Top of INPUT DATA

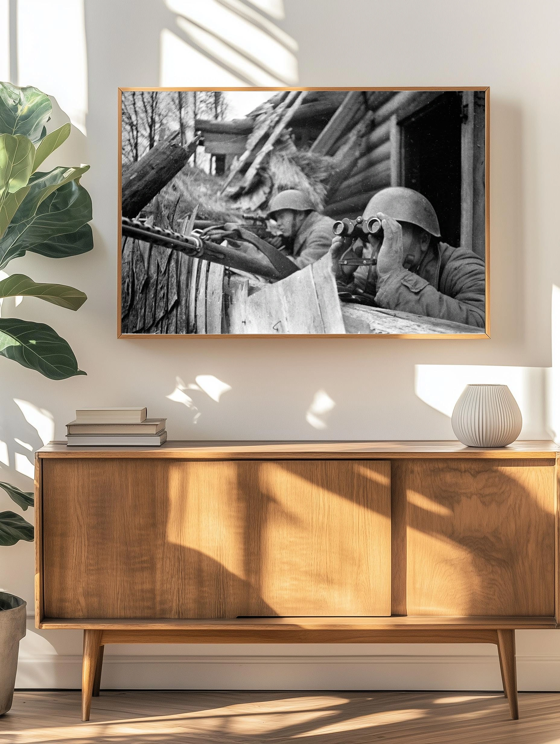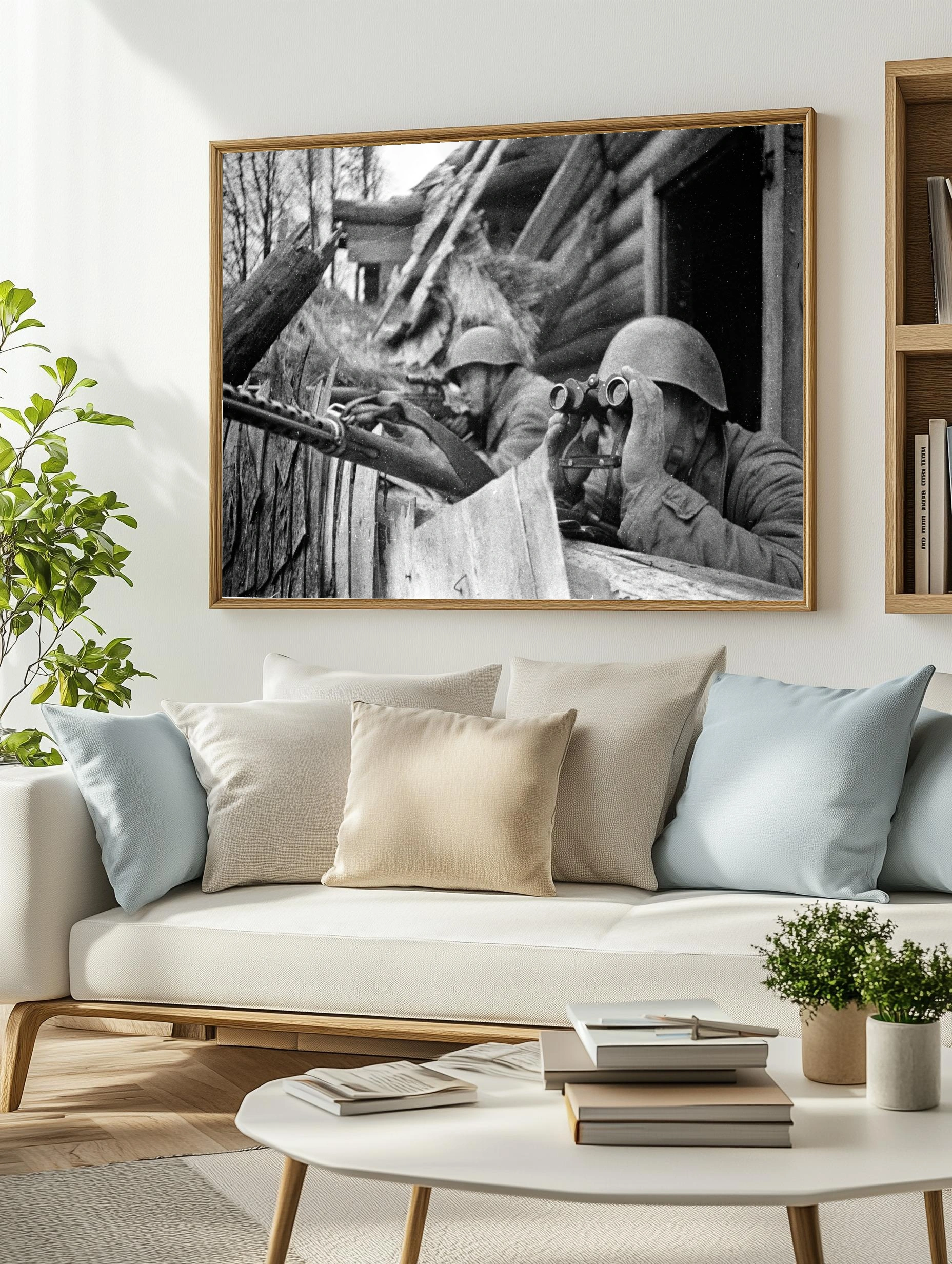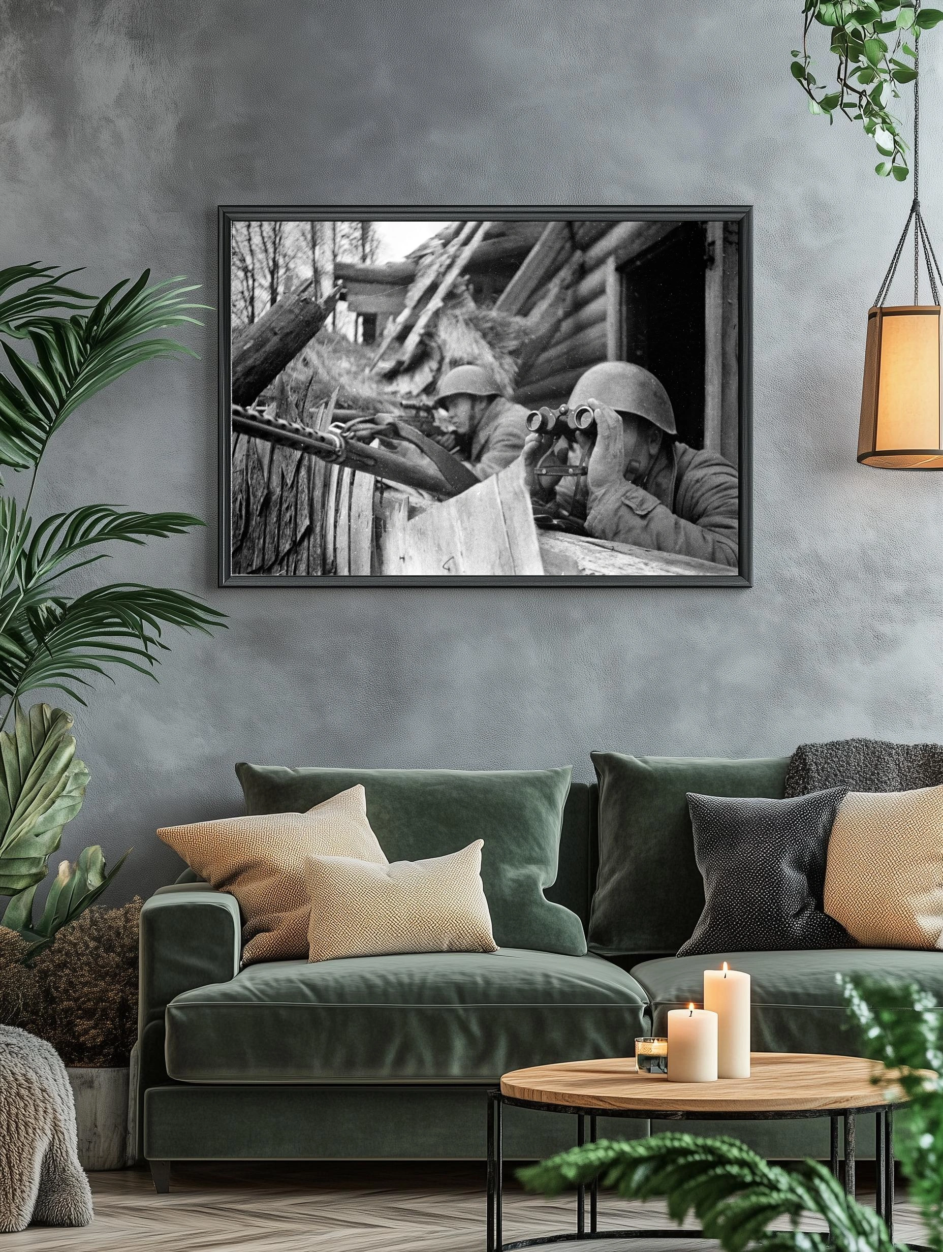 Историческая черно-белая фотография изображает двух солдат в касках, находящихся в окопе возле деревянного сооружения. Один из них смотрит через бинокль, другой готовится стрелять из пулемёта. Атмосфера напряжённости и боевого ожидания передана через детали и композицию кадра. Это художественный плакат для интерьера, который подчеркнёт военную тематику и атмосферу истории в вашем доме или офисе.
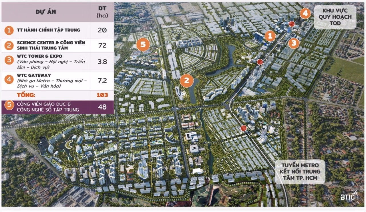 Giới thiệu về Đề án, ông Nguyễn Hoàn Vũ - Tổng Giám đốc Tập đoàn Becamex cho hay, đô thị Khoa học Công nghệ – Bắc TP Hồ Chí Minh được tổ chức không gian phát triển theo cấu trúc tích hợp gồm: Trung tâm phát triển khoa học công nghệ với quy mô khoảng 103 ha, cùng với 220 ha cơ sở vật chất nghiên cứu phát triển, sản xuất công nghệ cao, thử nghiệm quy mô nhỏ tạo thành vùng lõi đầu não đổi mới sáng tạo tập trung tại phường Bình Dương, giữ vai trò là điểm khởi phát mang tính chiến lược của toàn bộ hệ sinh thái. Trung tâm đang được triển khai theo từng giai đoạn, từng bước hình thành không gian hội tụ các hoạt động khoa học công nghệ, giáo dục đào tạo, đổi mới sáng tạo, qua đó đóng vai trò dẫn dắt và lan tỏa cho toàn bộ Đô thị khoa học công nghệ Bắc TP Hồ Chí Minh.
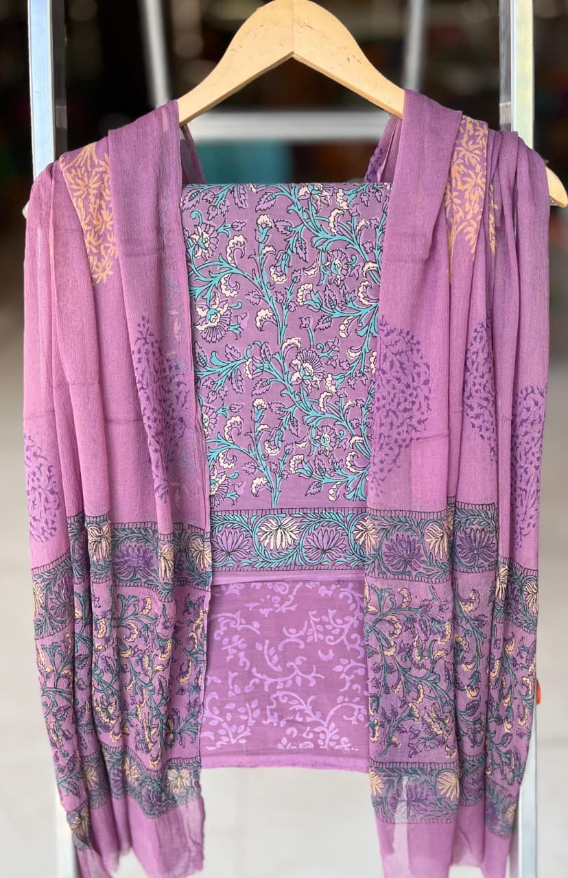 Step into a world where heritage meets modernity with the Lavender Floral Harmony Cotton Suit Set. This beautiful textile showcases a gentle lavender hue interwoven with intricate floral patterns that tell a story of traditional Indian artistry. The delicate motifs dance across the fabric, inviting you to celebrate the elegance of timeless craftsmanship.

Bottom of INPUT DATA

*EXERCISE GOAL*
Reproduce all of the data exactly; the pictures do not belong in the copy.

*REPLY*
 Историческая черно-белая фотография изображает двух солдат в касках, находящихся в окопе возле деревянного сооружения. Один из них смотрит через бинокль, другой готовится стрелять из пулемёта. Атмосфера напряжённости и боевого ожидания передана через детали и композицию кадра. Это художественный плакат для интерьера, который подчеркнёт военную тематику и атмосферу истории в вашем доме или офисе.
 Giới thiệu về Đề án, ông Nguyễn Hoàn Vũ - Tổng Giám đốc Tập đoàn Becamex cho hay, đô thị Khoa học Công nghệ – Bắc TP Hồ Chí Minh được tổ chức không gian phát triển theo cấu trúc tích hợp gồm: Trung tâm phát triển khoa học công nghệ với quy mô khoảng 103 ha, cùng với 220 ha cơ sở vật chất nghiên cứu phát triển, sản xuất công nghệ cao, thử nghiệm quy mô nhỏ tạo thành vùng lõi đầu não đổi mới sáng tạo tập trung tại phường Bình Dương, giữ vai trò là điểm khởi phát mang tính chiến lược của toàn bộ hệ sinh thái. Trung tâm đang được triển khai theo từng giai đoạn, từng bước hình thành không gian hội tụ các hoạt động khoa học công nghệ, giáo dục đào tạo, đổi mới sáng tạo, qua đó đóng vai trò dẫn dắt và lan tỏa cho toàn bộ Đô thị khoa học công nghệ Bắc TP Hồ Chí Minh.
 Step into a world where heritage meets modernity with the Lavender Floral Harmony Cotton Suit Set. This beautiful textile showcases a gentle lavender hue interwoven with intricate floral patterns that tell a story of traditional Indian artistry. The delicate motifs dance across the fabric, inviting you to celebrate the elegance of timeless craftsmanship.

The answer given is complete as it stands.